Data items -
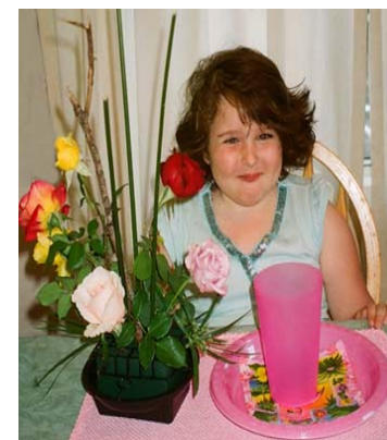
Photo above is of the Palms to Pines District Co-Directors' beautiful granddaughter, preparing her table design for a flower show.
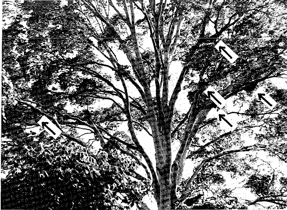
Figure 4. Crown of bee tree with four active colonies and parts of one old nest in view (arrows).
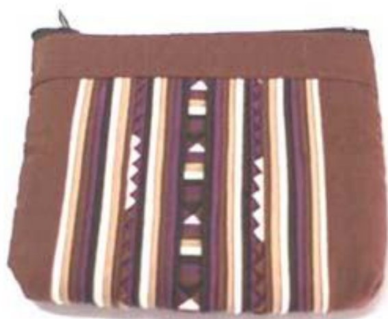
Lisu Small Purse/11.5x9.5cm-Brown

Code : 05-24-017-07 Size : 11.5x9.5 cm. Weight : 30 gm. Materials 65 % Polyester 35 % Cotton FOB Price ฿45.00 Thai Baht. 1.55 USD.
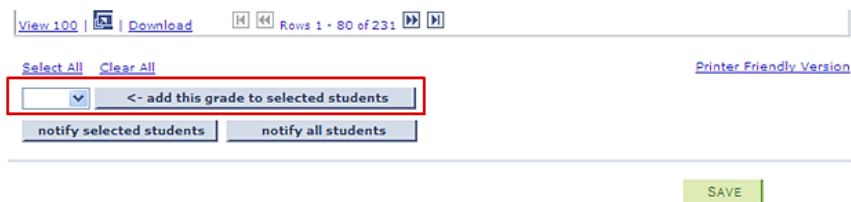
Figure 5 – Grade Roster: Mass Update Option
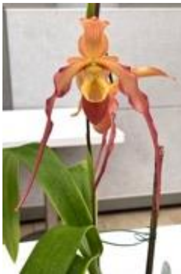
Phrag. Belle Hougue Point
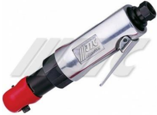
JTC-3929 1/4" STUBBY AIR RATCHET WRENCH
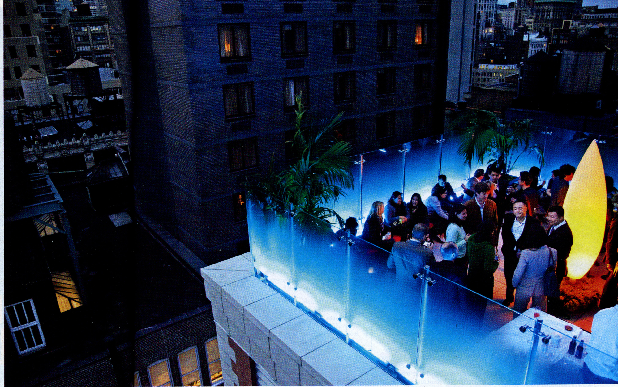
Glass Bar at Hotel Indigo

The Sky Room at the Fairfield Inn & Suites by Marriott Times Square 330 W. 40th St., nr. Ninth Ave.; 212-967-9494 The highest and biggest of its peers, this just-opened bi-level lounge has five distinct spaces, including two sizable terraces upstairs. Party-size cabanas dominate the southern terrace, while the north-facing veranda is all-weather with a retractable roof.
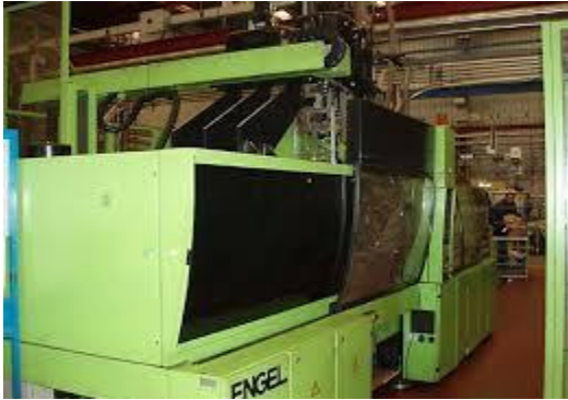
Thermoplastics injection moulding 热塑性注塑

What you are asked to do - The answer should be an exact restatement of every entry, with the pictures omitted.

Written answer -
Photo above is of the Palms to Pines District Co-Directors' beautiful granddaughter, preparing her table design for a flower show.
Figure 4. Crown of bee tree with four active colonies and parts of one old nest in view (arrows).
Lisu Small Purse/11.5x9.5cm-Brown

Code : 05-24-017-07 Size : 11.5x9.5 cm. Weight : 30 gm. Materials 65 % Polyester 35 % Cotton FOB Price ฿45.00 Thai Baht. 1.55 USD.
Figure 5 – Grade Roster: Mass Update Option
Phrag. Belle Hougue Point
JTC-3929 1/4" STUBBY AIR RATCHET WRENCH
Glass Bar at Hotel Indigo

The Sky Room at the Fairfield Inn & Suites by Marriott Times Square 330 W. 40th St., nr. Ninth Ave.; 212-967-9494 The highest and biggest of its peers, this just-opened bi-level lounge has five distinct spaces, including two sizable terraces upstairs. Party-size cabanas dominate the southern terrace, while the north-facing veranda is all-weather with a retractable roof.
Thermoplastics injection moulding 热塑性注塑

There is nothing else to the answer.